I would recommend getting the hard top and searching for a used OEM top or getting an aftermarket soft top like Bestop TrekTop NX. Thats what I have. I have a 2013 JK Rubicon and even though I live in mud country I got it. I wheel in Colorado (Ouray), Utah (Moab), Arkansas (super lift), and places like Hidden Falls (Marble Falls Tx.) a lot. There are many rock places in Texas to wheel. You can save money and upgrade another model, But you won't get the Rubi transfer case (which aint so great in the mud). Also in 2013 the 4.10 gears with an auto transmission became an option. I haven't regard my 13 rubi with 315-70-17 tires and it still rides great on the highway, but I got the 4.10's.


----------



## t-astragal

I'm still learning a lot. We are getting a sport s with 3.73. Brand new 2013 in Rock Lobster. Hard top, auto, 

Ill put black rims and upgraded tires soon. 33s or 35's maybe. Ill do a little lift to make it look right. Gotta stop there for now. Thanks for the help fellas. 


Steve


----------



## printman

You will love that auto t. It is amazing what the new stock jeeps will do. I was asked if I removed the Rubicon stickers on mine when I rode with a jeep club. I found some new take off tires and ran it wild. I probably was the first one in the jeep club at the time to have a 2012 with the new pentastar.


----------



## t-astragal

Black Gap in Big Bend









Steve


----------



## Mustad7731

*Check the Radiator*

You'll have a lot of fun with a Jeep...One problem I had with the one I owned was 
the SINGLE PASS Radiator on it....I was amazed that any manufacturer would send
an Air Conditioned vehicle to Texas with an almost worthless single pass radiator...
We had to drive from San Antonio in Aug to find out they sold us a single pass
radiator!!!
It was easy enough to fix, but it should have come with a serviceable radiator!
Mustad7731
Jack


----------



## Cowboy1uhB

GF bought a 2010 Rubi 4dr a couple of years ago. Very fun and capable vehicle.

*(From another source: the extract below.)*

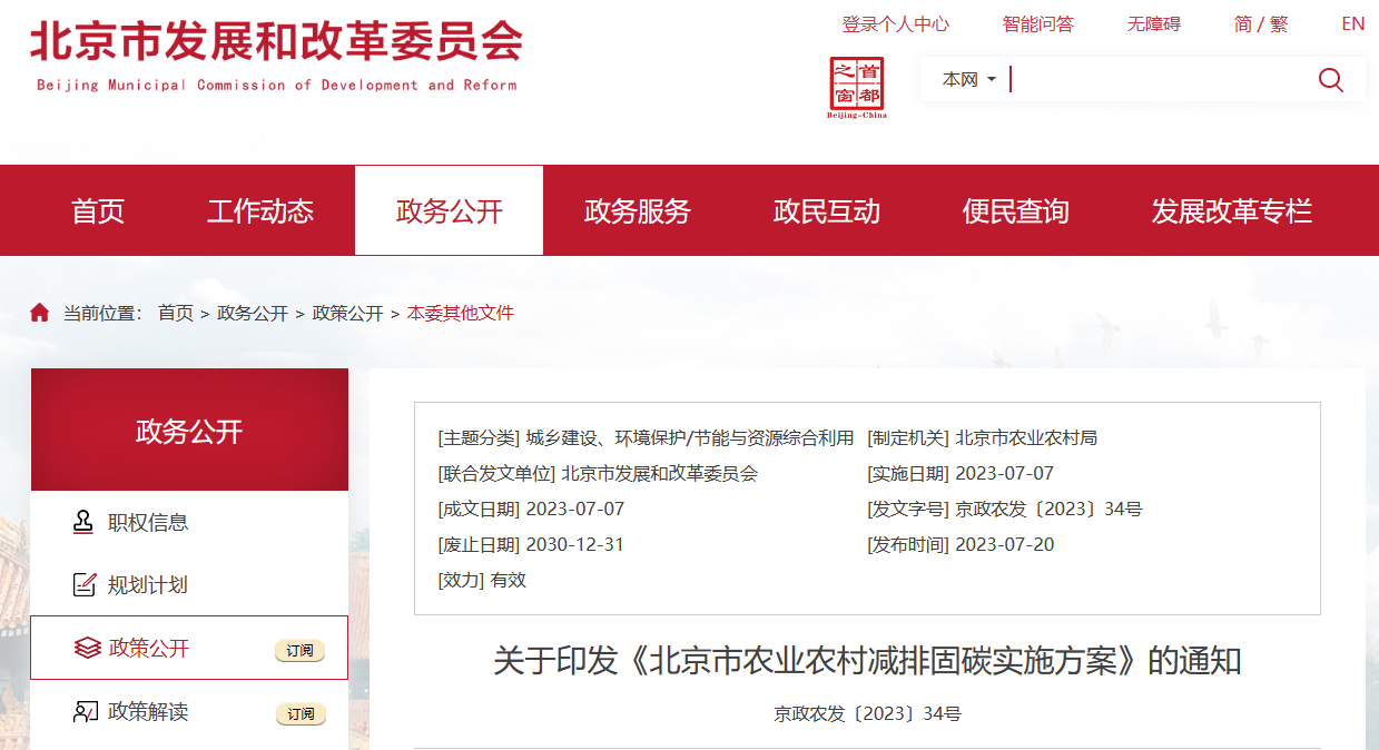 7月18日,北京市農業農村局關于印發《北京市農業農村減排固碳實施方案》的通知。

Decision to purchase is easy. Best resale of any vehicle on market when reasonably taken care of. You have to go in with a Jeep mindset. It is not your garden variety grocery getter...and yes females get extra points for the wave


----------



## Chadgreen

Don't do it! Hahahhah! 
I love mine to death but you'll never stop spending on it assesirys are addicting


JEEP= j-jeep. e-empty. e-everything. In your. P-pocket


----------